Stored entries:
════════

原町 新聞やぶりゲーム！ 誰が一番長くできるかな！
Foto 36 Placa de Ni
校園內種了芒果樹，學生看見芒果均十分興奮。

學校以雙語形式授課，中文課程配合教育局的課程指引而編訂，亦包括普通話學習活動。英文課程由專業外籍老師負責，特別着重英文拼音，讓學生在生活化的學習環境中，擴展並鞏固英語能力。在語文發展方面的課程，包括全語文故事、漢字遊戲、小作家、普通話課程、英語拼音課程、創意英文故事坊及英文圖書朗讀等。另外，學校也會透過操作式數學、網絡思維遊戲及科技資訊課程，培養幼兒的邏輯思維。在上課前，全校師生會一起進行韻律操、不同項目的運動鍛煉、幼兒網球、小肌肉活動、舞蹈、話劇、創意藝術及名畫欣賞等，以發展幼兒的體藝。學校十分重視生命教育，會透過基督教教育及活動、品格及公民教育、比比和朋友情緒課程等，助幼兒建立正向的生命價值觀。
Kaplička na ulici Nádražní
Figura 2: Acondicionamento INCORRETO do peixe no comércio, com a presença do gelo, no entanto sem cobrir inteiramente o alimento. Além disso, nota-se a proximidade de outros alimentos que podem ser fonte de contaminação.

════════

Task instructions
Could you print every record above exactly as it appears?

Answer to the exercise
原町 新聞やぶりゲーム！ 誰が一番長くできるかな！
Foto 36 Placa de Ni
校園內種了芒果樹，學生看見芒果均十分興奮。

學校以雙語形式授課，中文課程配合教育局的課程指引而編訂，亦包括普通話學習活動。英文課程由專業外籍老師負責，特別着重英文拼音，讓學生在生活化的學習環境中，擴展並鞏固英語能力。在語文發展方面的課程，包括全語文故事、漢字遊戲、小作家、普通話課程、英語拼音課程、創意英文故事坊及英文圖書朗讀等。另外，學校也會透過操作式數學、網絡思維遊戲及科技資訊課程，培養幼兒的邏輯思維。在上課前，全校師生會一起進行韻律操、不同項目的運動鍛煉、幼兒網球、小肌肉活動、舞蹈、話劇、創意藝術及名畫欣賞等，以發展幼兒的體藝。學校十分重視生命教育，會透過基督教教育及活動、品格及公民教育、比比和朋友情緒課程等，助幼兒建立正向的生命價值觀。
Kaplička na ulici Nádražní
Figura 2: Acondicionamento INCORRETO do peixe no comércio, com a presença do gelo, no entanto sem cobrir inteiramente o alimento. Além disso, nota-se a proximidade de outros alimentos que podem ser fonte de contaminação.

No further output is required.